# Input Needed on Loft



## mrwoodboat (Dec 24, 2014)

Hi All- been lurking and reading everything I can here. I have 2 pair of Archangels and a pair of Jacobins. Currently, they are housed in a 4 x 8 dog pen with the bottom 2' wrapped with siding and a gable roof that hangs down 1 ft- the 4' end has nest boxes- 
What I need help with is this- I picked up a 6' x 8' shed that I want to convert to a loft- my plan is to lay it out so that it is divided in half (6x4 each section) and each section would have it's own sunporch (30" wide 30" high and 4' long). I was going to put a flight pen on the opposite side but I am being told that neither of these breeds are fliers so I don't need it.

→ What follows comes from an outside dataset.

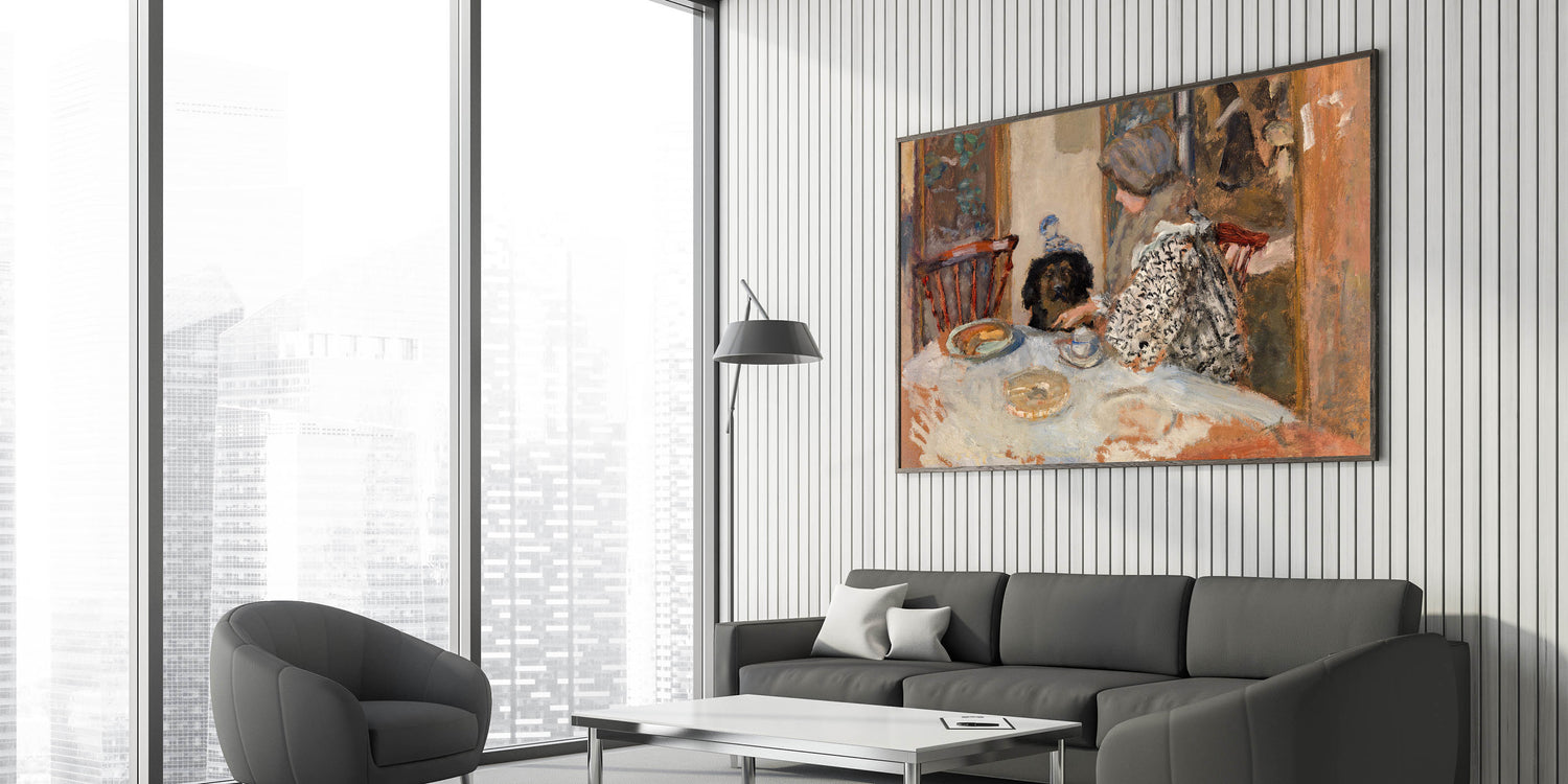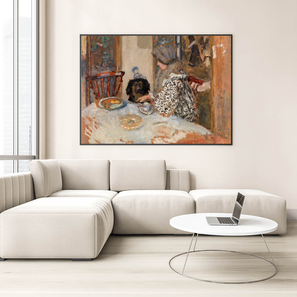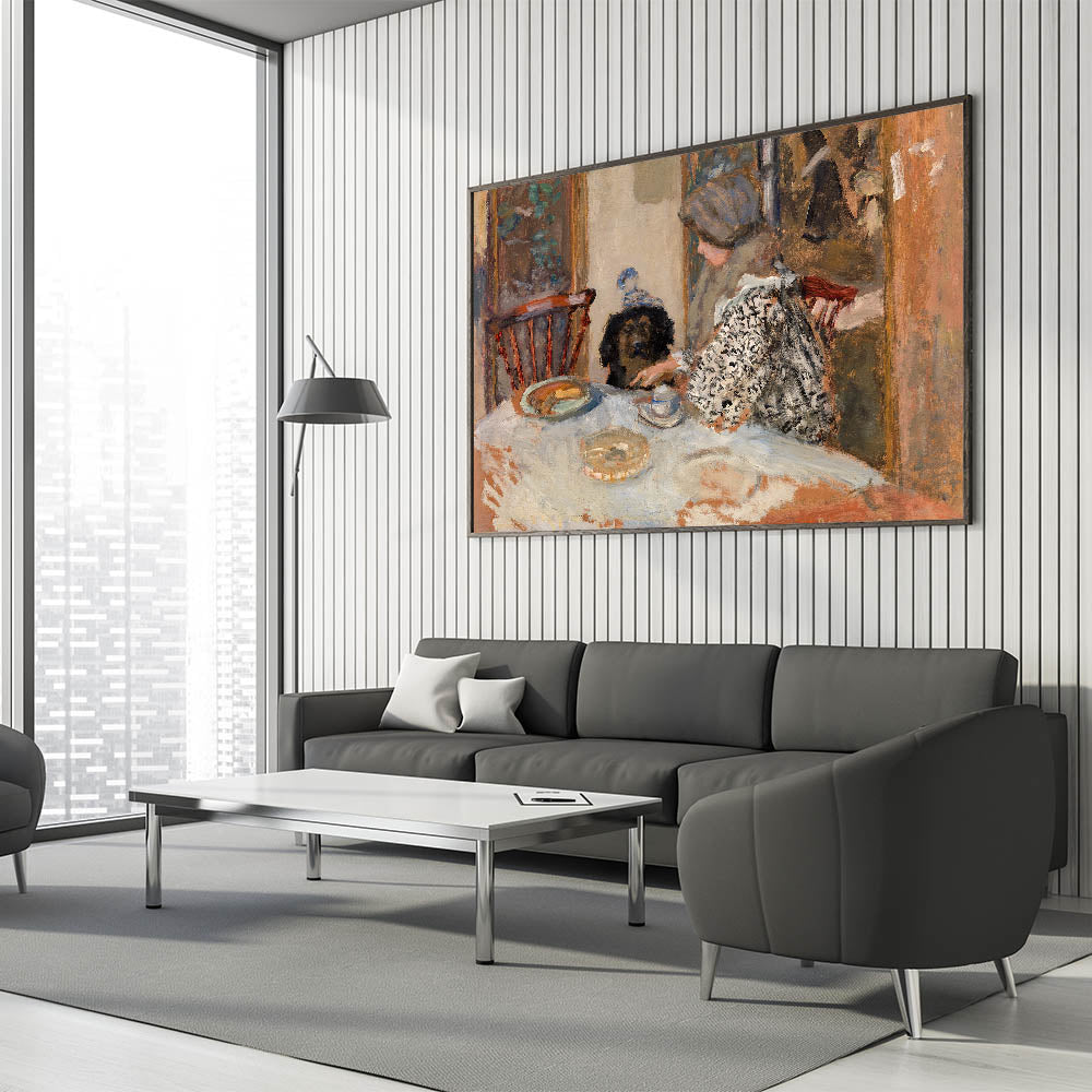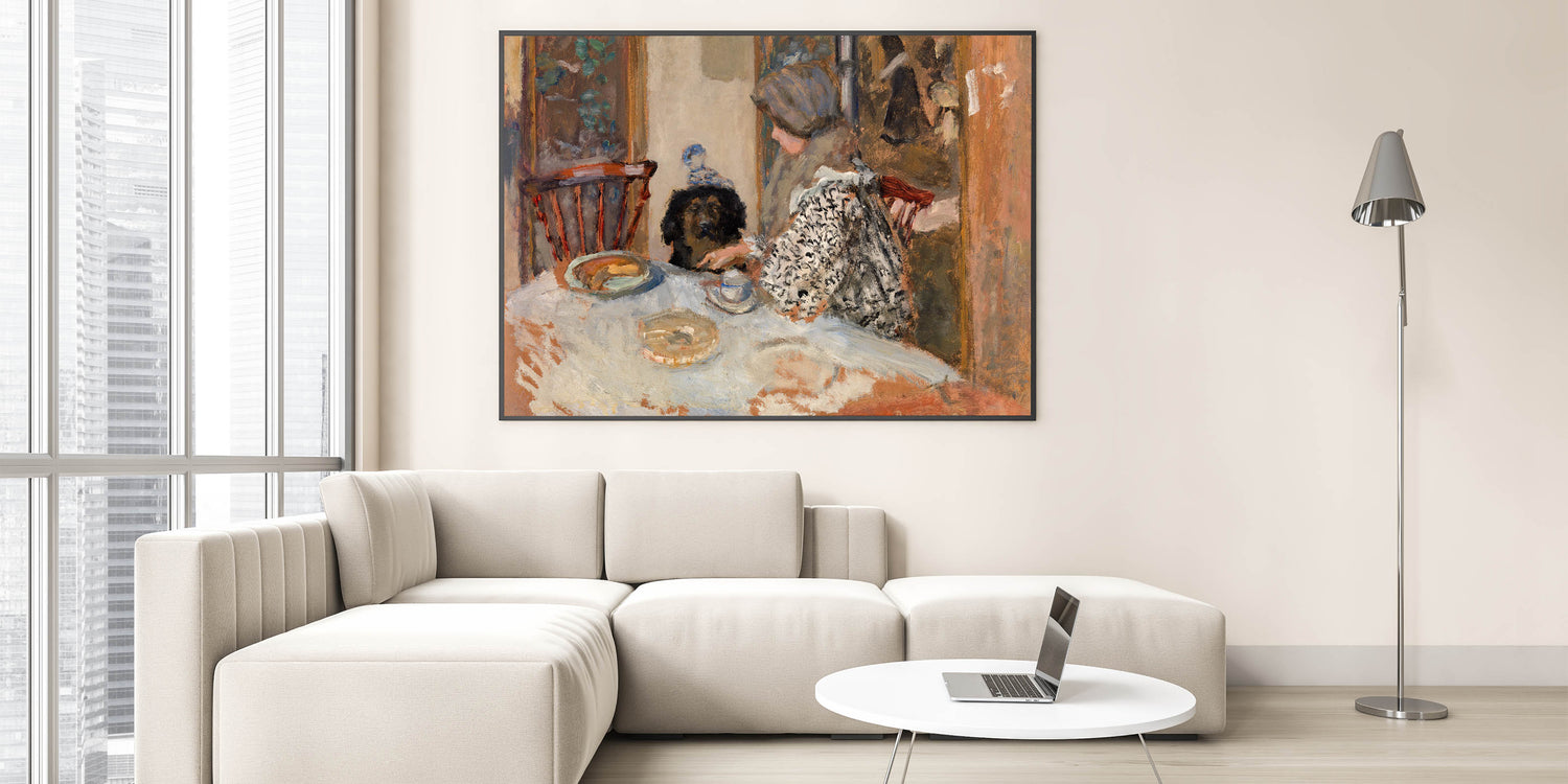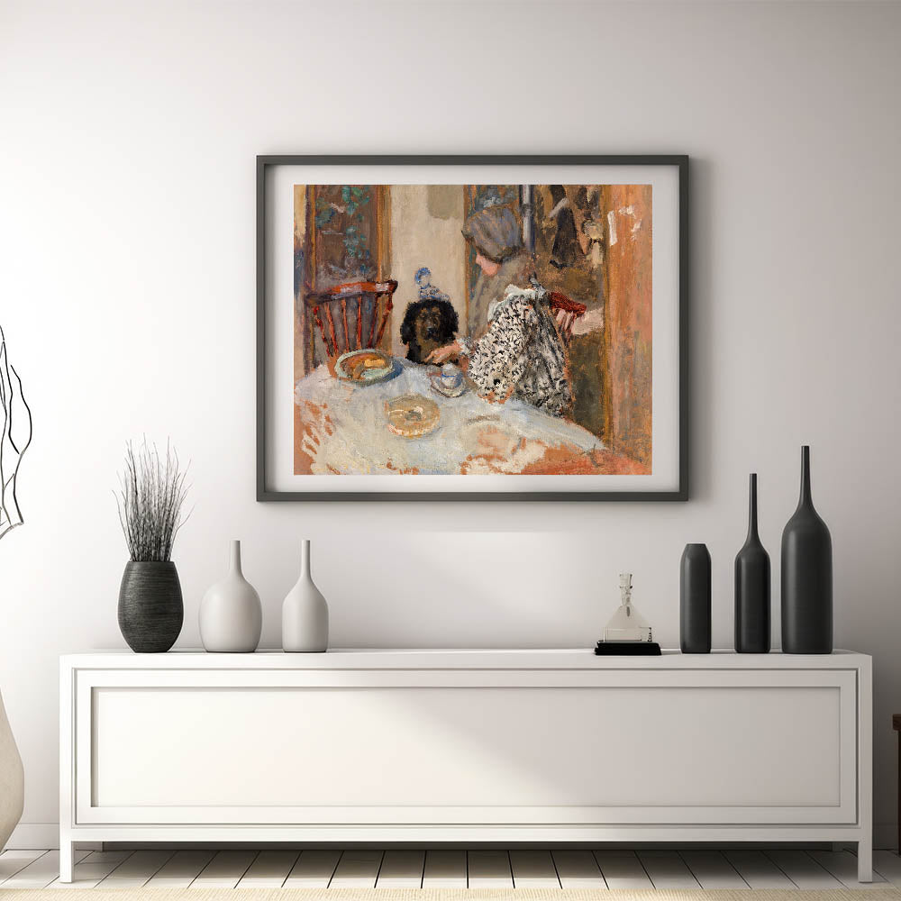 This enchanting Realism art print, Woman and Dog at Table by Pierre Bonnard, captures an intimate, everyday scene that brings warmth and life to any space. This artwork showcases the artist's skill in classical Realism, with detailed brushstrokes that bring the figures of a woman and her loyal dog to life. Each element, from the soft color palette to the natural light, adds depth and atmosphere, making it a timeless addition to your decor.

So what say you guys- this is my first time keeping pigeons (beyond feral)


----------



## Jay3 (May 4, 2008)

First of all, they aren't safe in a dog pen. Too many things can get in after them. Also, don't know where you are located, but they need protection from cold blowing winds as well.
Doesn't matter if they are flying breeds or not. They do fly, and they need a flight pen or something where they can fly a bit and get out in the fresh air and sunshine. Also a place where you can set up a bath for them which is important to their well being.


----------



## c.hert (Jan 15, 2010)

http://www.pigeons.biz/forums/f38/


----------



## mrwoodboat (Dec 24, 2014)

The dog pen isn't a chain link pen- it is welded wire panels with 1x2 welded wire panels- I didn't explain well enough- it is 5' high wrapped 2' up from the bottom and 1' down from the top- the end is completely closed in so the only part that is open is a 2' wide section on two sides. They can get up in the gable (it is where the perches are mounted) or on the end. 
We are in SC- it was 78 degrees today.

So a flight pen that is 8x8x6' tall should be good?


----------



## Jay3 (May 4, 2008)

IX2 welded wire panels still let anything in. Mice will contaminate food and water, and rats will kill the birds.


----------



## Jay3 (May 4, 2008)

Did you check out the link that c.hert posted. It has many loft ideas on it. Think you would enjoy looking at them.


----------